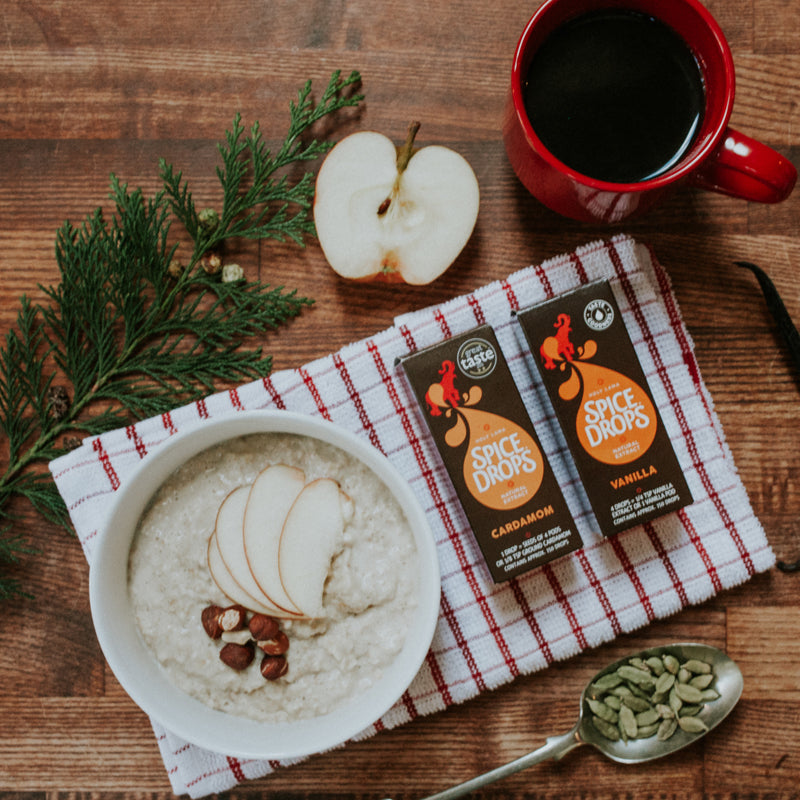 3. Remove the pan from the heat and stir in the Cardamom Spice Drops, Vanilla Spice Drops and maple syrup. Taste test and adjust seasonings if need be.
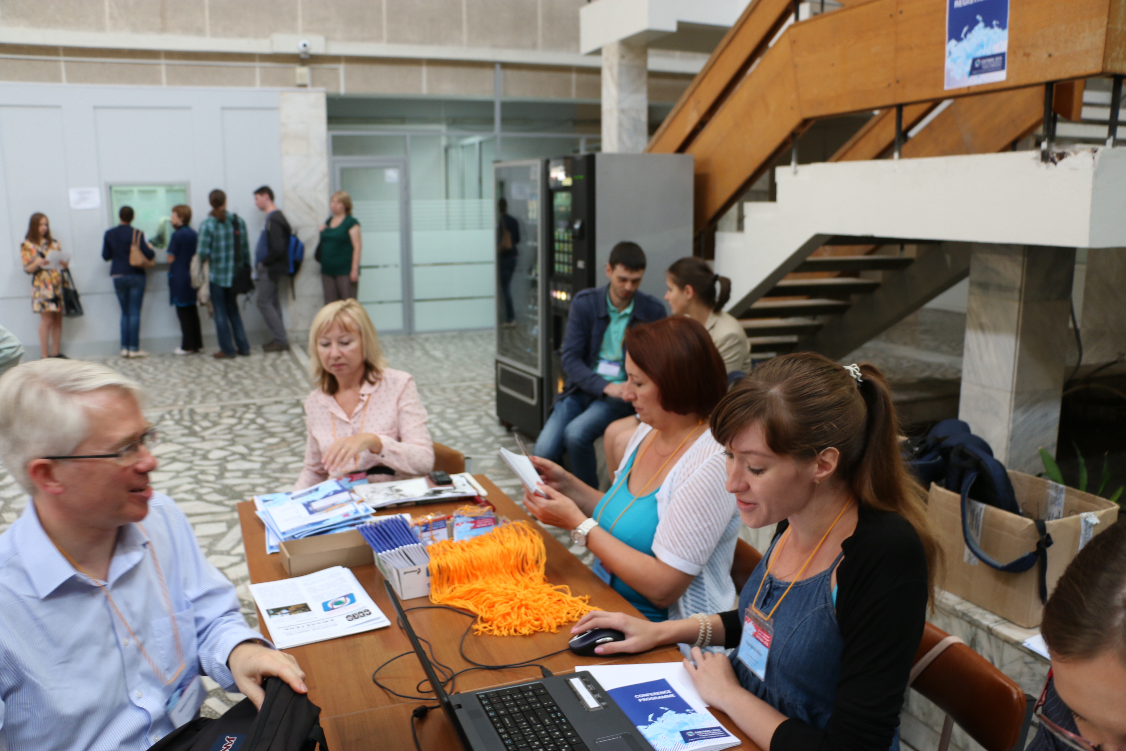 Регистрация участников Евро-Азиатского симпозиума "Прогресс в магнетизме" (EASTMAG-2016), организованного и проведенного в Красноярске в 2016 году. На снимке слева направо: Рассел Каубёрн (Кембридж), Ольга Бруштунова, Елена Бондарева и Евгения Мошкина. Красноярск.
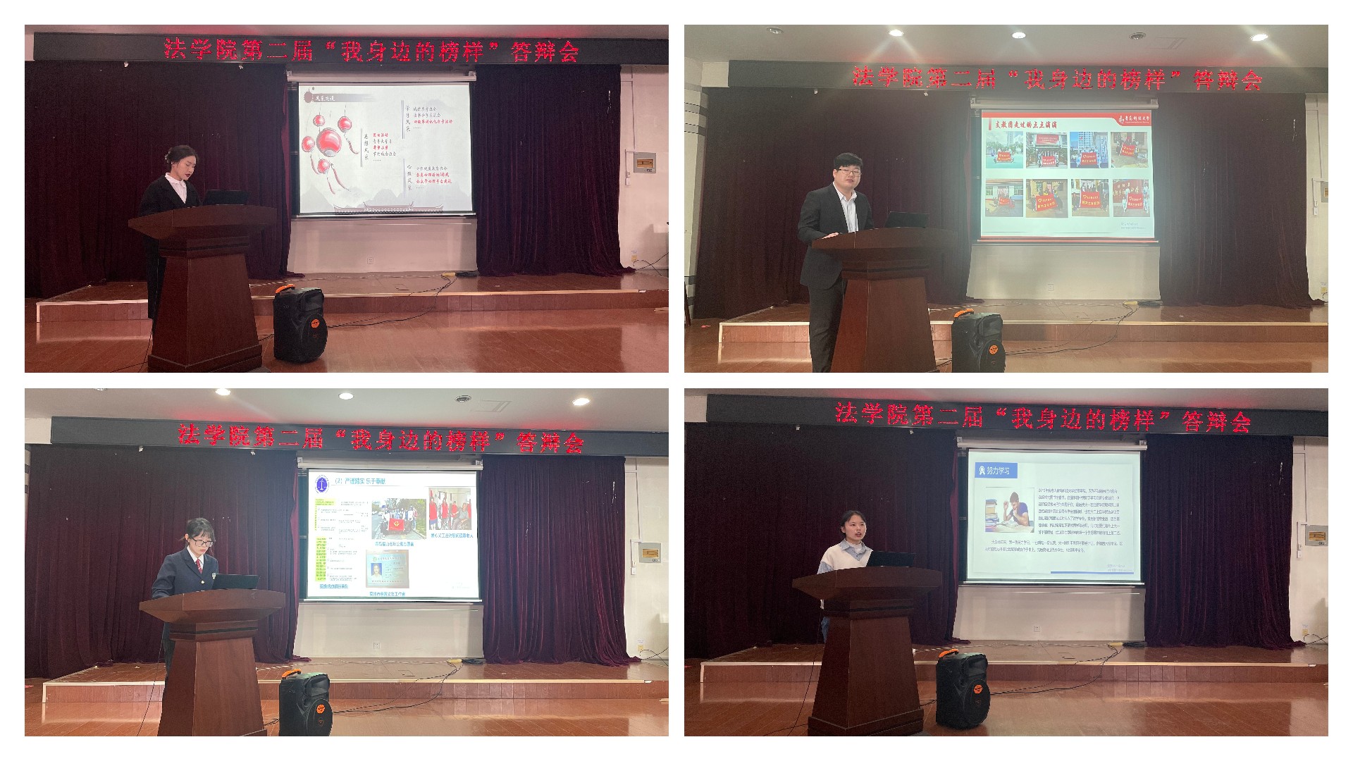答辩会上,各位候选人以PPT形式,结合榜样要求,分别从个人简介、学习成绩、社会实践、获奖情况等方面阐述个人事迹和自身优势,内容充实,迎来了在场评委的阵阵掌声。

--

§ **TASK OBJECTIVE**: Output the full listing verbatim, but drop the images.

§ **EXERCISE RESULT**:
 3. Remove the pan from the heat and stir in the Cardamom Spice Drops, Vanilla Spice Drops and maple syrup. Taste test and adjust seasonings if need be.
 Регистрация участников Евро-Азиатского симпозиума "Прогресс в магнетизме" (EASTMAG-2016), организованного и проведенного в Красноярске в 2016 году. На снимке слева направо: Рассел Каубёрн (Кембридж), Ольга Бруштунова, Елена Бондарева и Евгения Мошкина. Красноярск.
答辩会上,各位候选人以PPT形式,结合榜样要求,分别从个人简介、学习成绩、社会实践、获奖情况等方面阐述个人事迹和自身优势,内容充实,迎来了在场评委的阵阵掌声。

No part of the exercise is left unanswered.